ADHD, Shame & Underperformance

Jordan, 29, law associate

Presentation

Diagnosed ADHD-Combined at 27 after a lifetime of 'not living up to potential.' On Adderall, which helps focus but not the emotional dysregulation, rejection sensitivity, or chronic shame. Misses deadlines at work despite working 70-hour weeks. Apartment is chaotic. Relationship is strained — partner says 'you never listen to me.' Says: 'I'm smart enough. I just can't make myself do the thing.'

History

Gifted track in school, graduated from a top law school. ADHD missed because of high IQ compensating for executive dysfunction. Diagnosed after a panic attack during a missed court filing deadline. Father is likely undiagnosed ADHD (disorganized, volatile, underemployed). Mother was the compensator (organized everything, maintained the household). Jordan has internalized: 'I'm lazy, I'm broken, I just need to try harder.'

Clinical note: ADHD in high-IQ adults is systematically underdiagnosed because intelligence compensates for executive dysfunction until demands exceed capacity — often in professional settings. Jordan's late diagnosis at 27 is typical. The emotional component of ADHD (rejection sensitive dysphoria, emotional flooding, shame) is well-documented but absent from the DSM criteria, which focus on attention and hyperactivity (Dodson, 2005; Barkley, 2015). Medication addresses core attention symptoms but rarely resolves the accumulated shame, relational patterns, and compensatory structures built over decades of undiagnosed struggle. CBT adapted for adult ADHD (Safren et al., 2010) has the strongest evidence. The father's likely undiagnosed ADHD is clinically significant — intergenerational ADHD creates family systems organized around compensation and shame.

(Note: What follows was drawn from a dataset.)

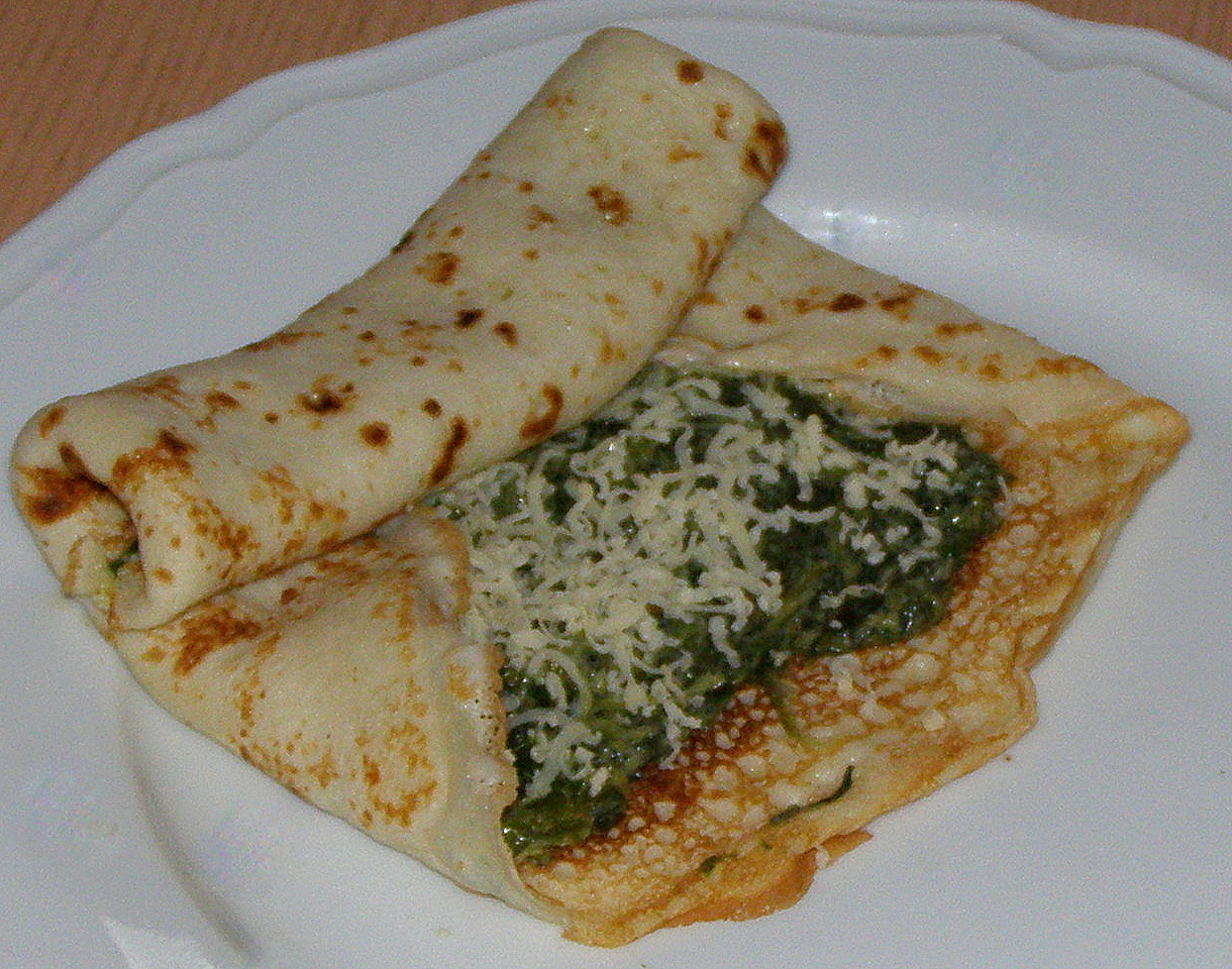 Na usmażonych naleśnikach rozsmarować szpinak (taką ilość, jaką lubimy). Po wierzchu można posypać utartym żółtym serem, jeśli ktoś lubi więcej sera. Naleśnik zwinąć w rulonik, w krokiecik lub w trójkąt – jak kto lubi. Obsmażyć na średnim ogniu z obu stron. Smakuje na gorąco i na zimno.

The partner dynamic (Jordan as chaotic, partner as organizer) may recapitulate the parental pattern and warrants couples work alongside individual therapy.

Where Approaches Genuinely Disagree

Is the shame the real problem or the ADHD?
CBT

Executive function deficits create real problems. Skills training and cognitive restructuring address both.

vs.
ACT

The shame IS the problem. ADHD is a difference, not a deficit. Defuse from 'broken' narratives.